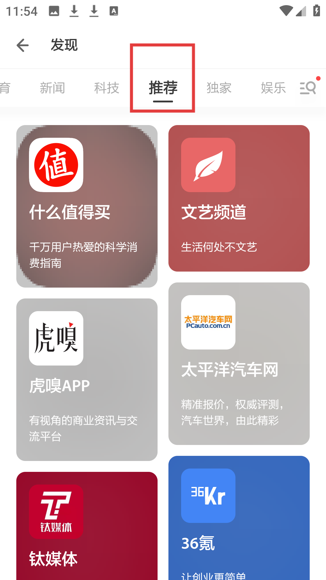 2、發(fā)現(xiàn)頁面這里羅列眾多優(yōu)質內容源,像什么值得買、文藝頻道等,用戶可以滑動瀏覽找到自己感興趣的頻道,點擊進入詳情頁為添加訂閱做準備。
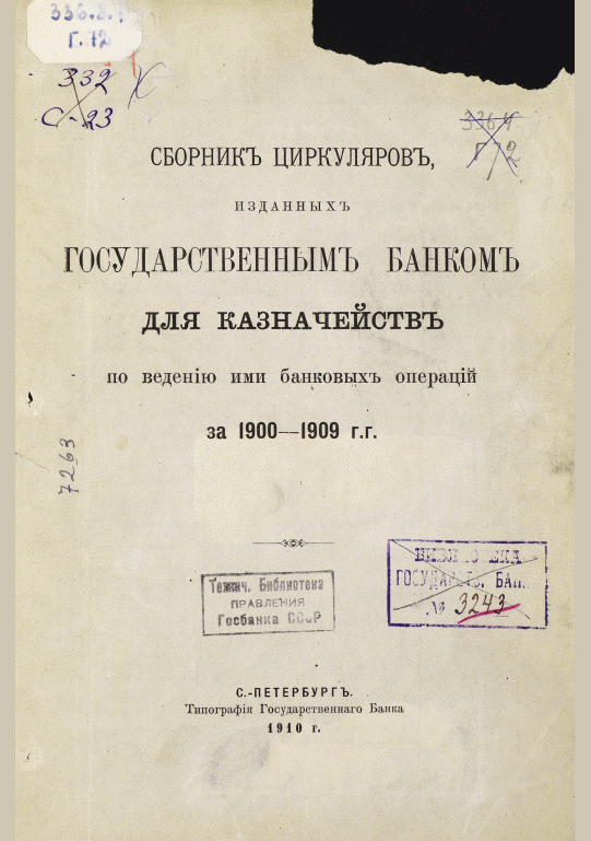 Сборник циркуляров, изданных Государственным банком для казначейств по ведению ими банковских операций за 1900-1909 гг. / Государственный банк. — Санкт-Петербург : Типография Государственного банка, 1910. — 271 с.. — . Напечатано по старой орфографии.
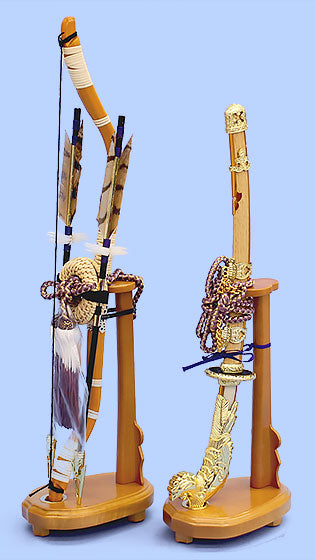 五月人偶配件,弓与剑套装单独出售,15号尺寸,土色

_Task statement_
Working from the lines above, reproduce the material exactly and exclude its pictures.

_Written response_
 2、發(fā)現(xiàn)頁面這里羅列眾多優(yōu)質內容源,像什么值得買、文藝頻道等,用戶可以滑動瀏覽找到自己感興趣的頻道,點擊進入詳情頁為添加訂閱做準備。
 Сборник циркуляров, изданных Государственным банком для казначейств по ведению ими банковских операций за 1900-1909 гг. / Государственный банк. — Санкт-Петербург : Типография Государственного банка, 1910. — 271 с.. — . Напечатано по старой орфографии.
 五月人偶配件,弓与剑套装单独出售,15号尺寸,土色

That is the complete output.